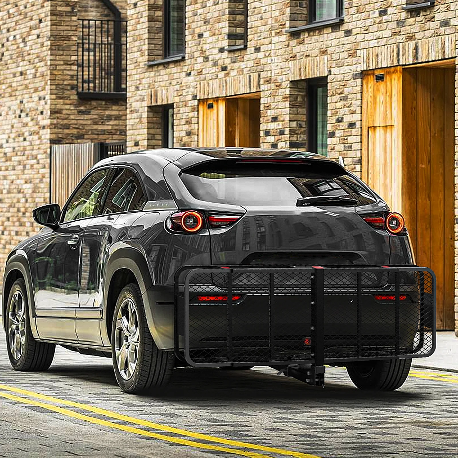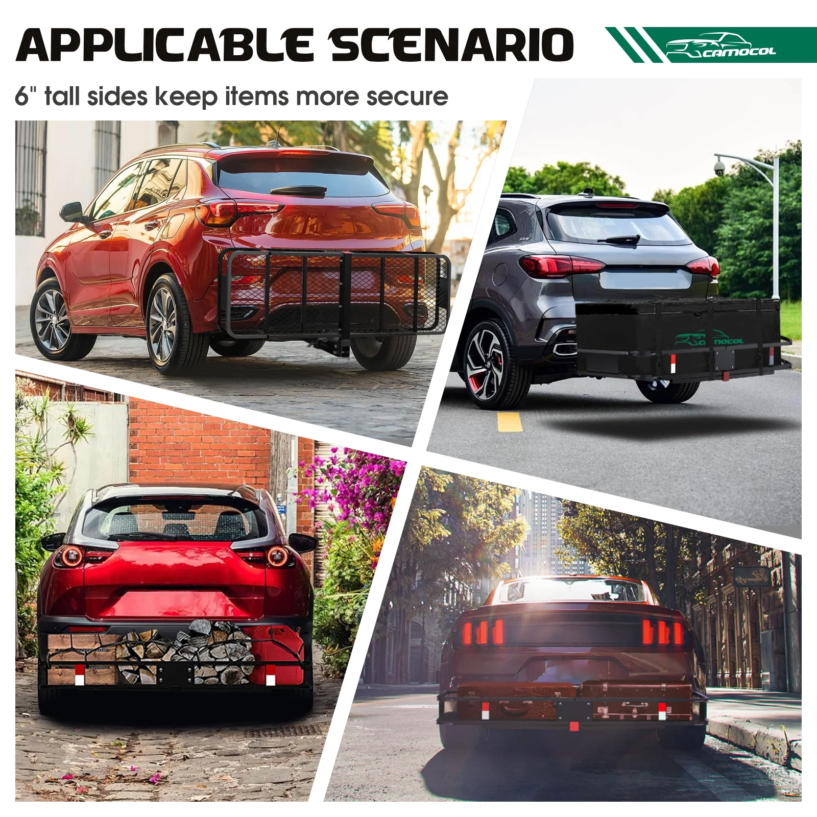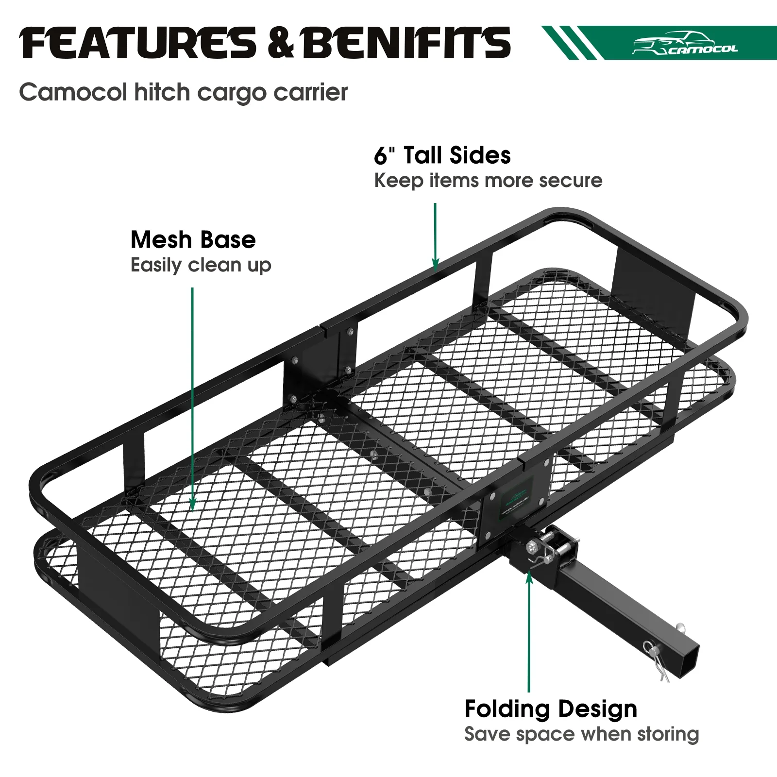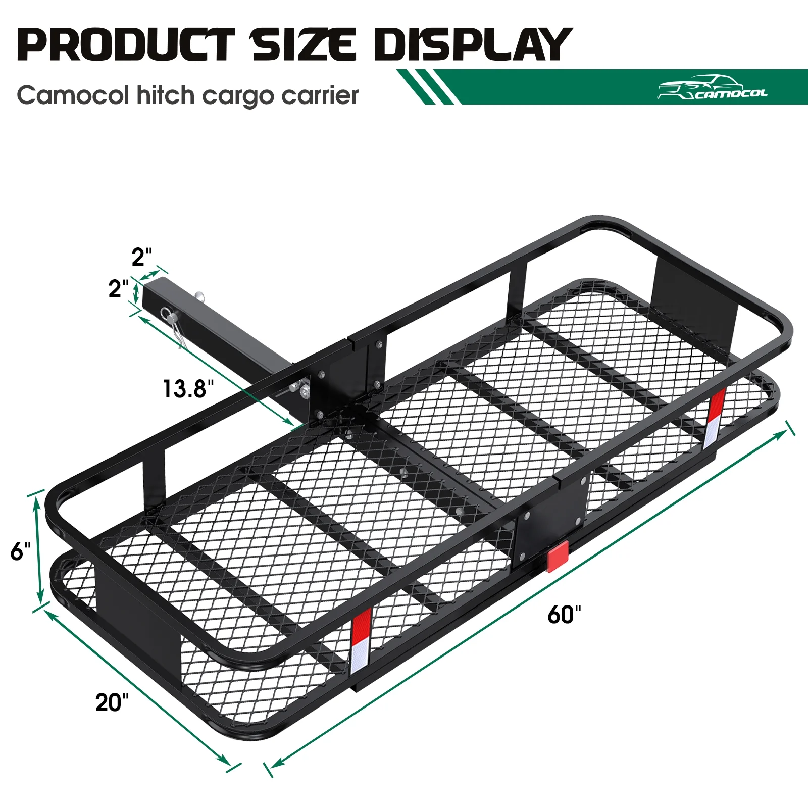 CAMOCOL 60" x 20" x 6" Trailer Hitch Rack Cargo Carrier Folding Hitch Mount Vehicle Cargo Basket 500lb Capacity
::::::::
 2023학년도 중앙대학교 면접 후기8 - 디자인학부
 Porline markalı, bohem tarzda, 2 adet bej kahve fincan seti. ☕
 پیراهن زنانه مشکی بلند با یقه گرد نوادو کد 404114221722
::::::::
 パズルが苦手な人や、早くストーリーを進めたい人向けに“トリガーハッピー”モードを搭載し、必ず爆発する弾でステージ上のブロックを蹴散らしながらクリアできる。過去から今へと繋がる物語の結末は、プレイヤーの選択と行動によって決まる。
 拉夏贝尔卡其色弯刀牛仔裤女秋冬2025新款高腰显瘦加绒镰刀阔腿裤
::::::::
## The problem
Out of the entries above, write out only the lines between the line holding "パズルが苦手な人や、早くスト" and the line holding "拉夏贝尔卡其色弯刀牛仔裤女秋冬2025新款高腰显瘦加绒镰刀阔腿裤", inclusive, each exactly as given.

## Response box
 パズルが苦手な人や、早くストーリーを進めたい人向けに“トリガーハッピー”モードを搭載し、必ず爆発する弾でステージ上のブロックを蹴散らしながらクリアできる。過去から今へと繋がる物語の結末は、プレイヤーの選択と行動によって決まる。
 拉夏贝尔卡其色弯刀牛仔裤女秋冬2025新款高腰显瘦加绒镰刀阔腿裤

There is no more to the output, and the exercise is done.